Indiabulls Housing Finance slumps most in a week since listing on exchanges.

An employee is reflected in a glass panel as he monitors securities on a computer monitor at a brokerage firm in Mumbai. (Photographer: Dhiraj Singh/Bloomberg)
An employee is reflected in a glass panel as he monitors securities on a computer monitor at a brokerage firm in Mumbai. (Photographer: Dhiraj Singh/Bloomberg)

Indian equity benchmarks resumed their decline after a breather in the previous week as earnings reported by Indian companies failed to lift investor sentiment.

The S&P BSE Sensex declined 1.2 percent to 34,316 and the NSE Nifty 50 Index dropped 1.6 percent to 10,304.

“Earnings are in line with estimates, but expensive valuations aren’t justifying the multiples,” AK Prabhakar, head of research at IDBI Capital, told BloombergQuint over the phone.

Currently, we’re going through a bear phase wherein a small miss by companies, as in the case of Reliance Industries Ltd. and Mindtree Ltd., are badly punished.

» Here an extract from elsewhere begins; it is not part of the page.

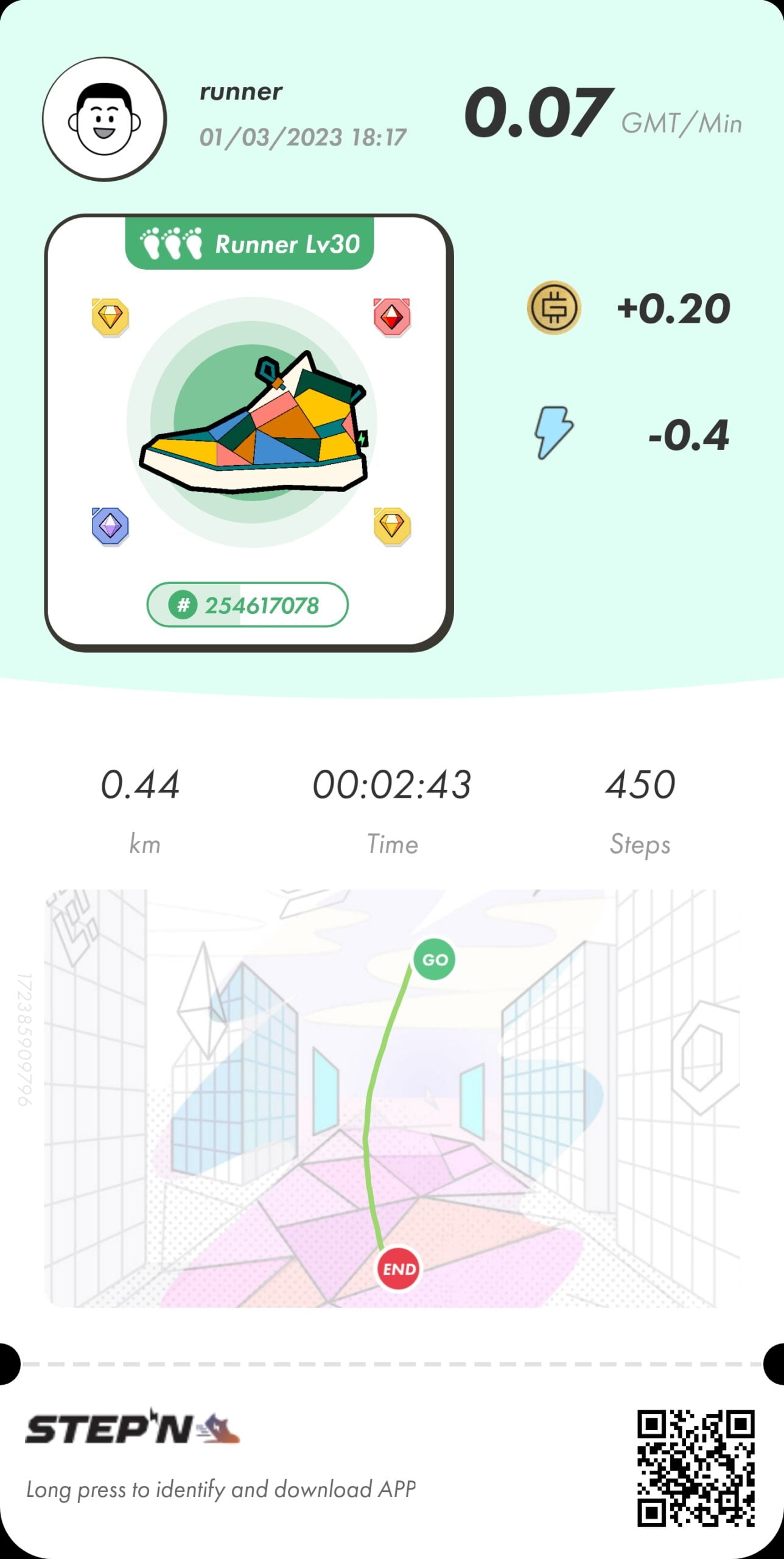 また途中で計測が終了していました。最近多いのですが、スマホの性能が原因な気がします。エナを使いきる前にGST獲得上限に達したので、2分だけですが初めてGMT掘ってみました。2分で0.2GMT、約10円です。GSTなら2分で約24円なので、獲得上限を超えない限りやる意味はないですね。当分機会は無さそうです。

Risk-off trading is on as investors are taking money out of markets and the Nifty is headed towards 9,900 by Diwali, Prabhakar said.

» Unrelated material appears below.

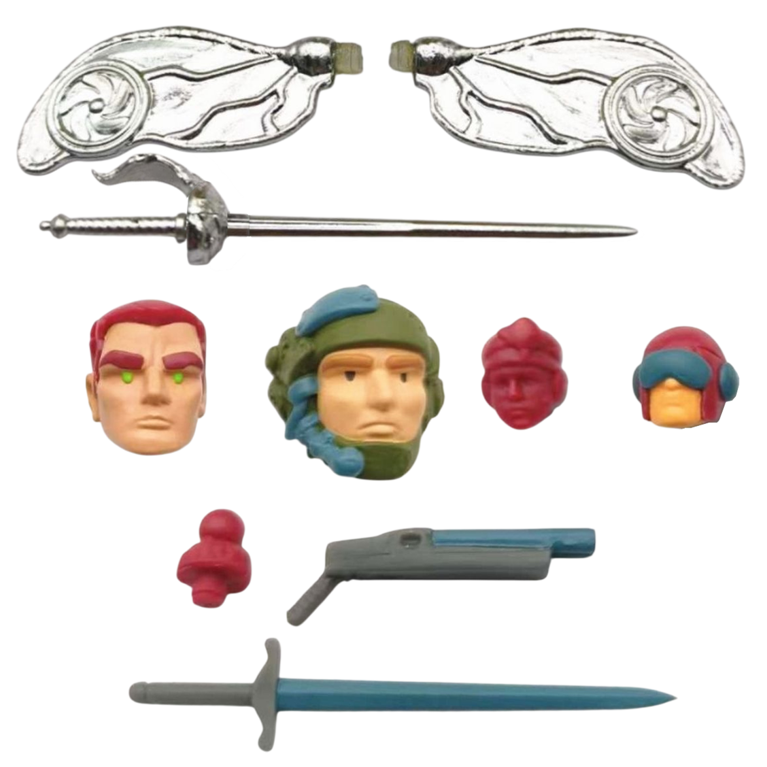 Includes all that you see, including two larger scale bonus heads that work with "legends" style figures.

Six of eight Nifty companies that have reported earnings so far have either met or beaten estimates in July-September quarter, according to data compiled by BloombergQuint.

Weekly Wrap: Nifty Resumes Decline As Mixed Start To Earnings Fail To Lift Sentiment

Indiabulls Housing Finance Ltd. was the top Nifty loser, plunging 30 percent—its worst weekly performance since listing—to Rs 654 as investors worried about its exposure to SuperTech Ltd., a property developer whose credit facilities have been downgraded to default.

Macquarie’s sales team, in a note to clients on Wednesday, said Indiabulls Housing Finance’s loans to SuperTech could be over Rs 500 crore. The lending, the brokerage said citing its discussions with the management, was for a specific project that is ringfenced and earns monthly rentals of close to Rs 30-35 crore.

Weekly Wrap: Nifty Resumes Decline As Mixed Start To Earnings Fail To Lift Sentiment

Nine of 11 sector gauges compiled by the National Stock Exchange ended lower dragged by the Nifty Auto Index's 4.3 percent drop. On the flipside, Nifty FMCG Index was the top gainer, up 2.5 percent.

The Indian rupee appreciated for the second week in a row and was the third-best performing Asian currency after consumer price inflation rose marginally in September, but remained below the four percent mark. The central bank’s announcement of a plan to buyback bonds to support the market also helped in boosting investor sentiment.

The local unit rose 0.3 percent, or 25 paise, to 73.32 per dollar.